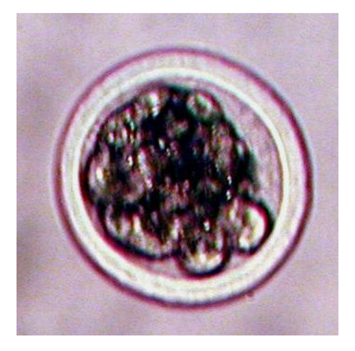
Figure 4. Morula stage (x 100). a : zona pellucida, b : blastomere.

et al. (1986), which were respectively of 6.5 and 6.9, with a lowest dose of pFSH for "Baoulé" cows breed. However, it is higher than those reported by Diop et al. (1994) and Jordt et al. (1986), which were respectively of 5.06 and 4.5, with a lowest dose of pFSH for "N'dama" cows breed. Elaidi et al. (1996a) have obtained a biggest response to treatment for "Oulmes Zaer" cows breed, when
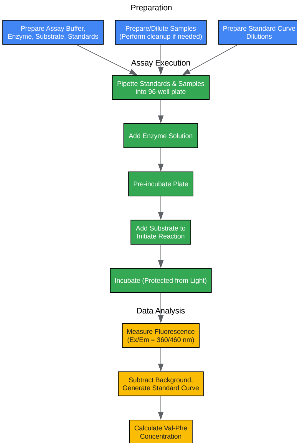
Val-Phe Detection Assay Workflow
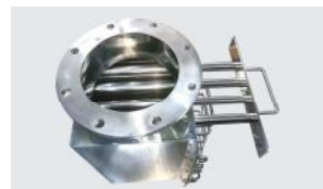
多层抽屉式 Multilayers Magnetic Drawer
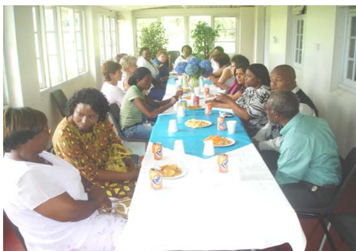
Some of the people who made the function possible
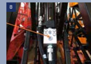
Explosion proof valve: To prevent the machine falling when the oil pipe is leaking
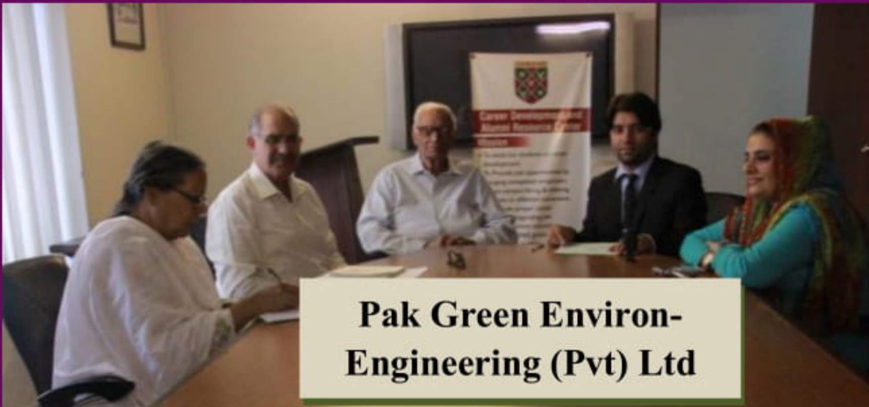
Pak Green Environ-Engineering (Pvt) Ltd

...

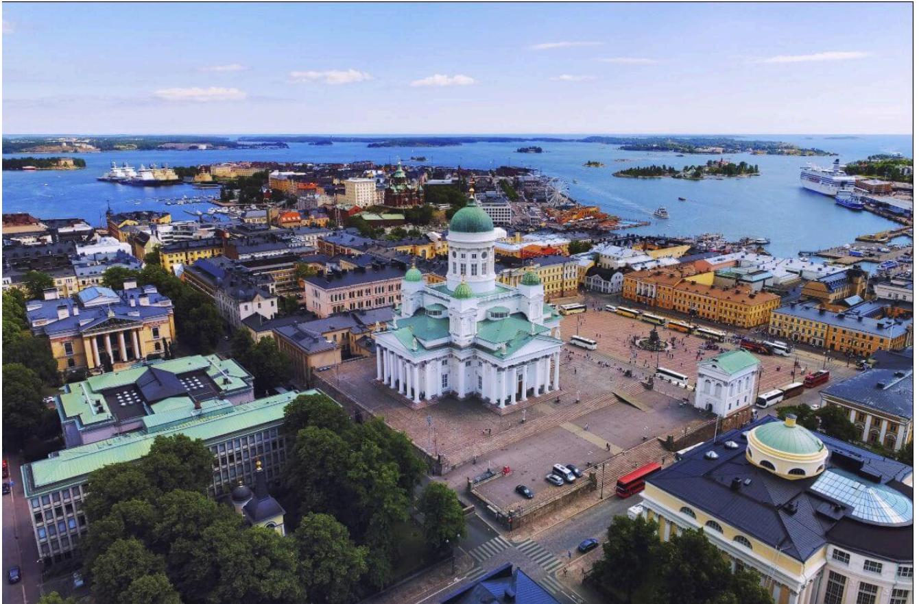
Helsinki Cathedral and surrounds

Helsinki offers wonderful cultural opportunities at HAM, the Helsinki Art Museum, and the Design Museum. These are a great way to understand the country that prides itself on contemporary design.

» WORK INSTRUCTION
Return each line of the data above that includes the word "Helsinki".

» ANSWER SPACE
Helsinki Cathedral and surrounds
Helsinki offers wonderful cultural opportunities at HAM, the Helsinki Art Museum, and the Design Museum. These are a great way to understand the country that prides itself on contemporary design.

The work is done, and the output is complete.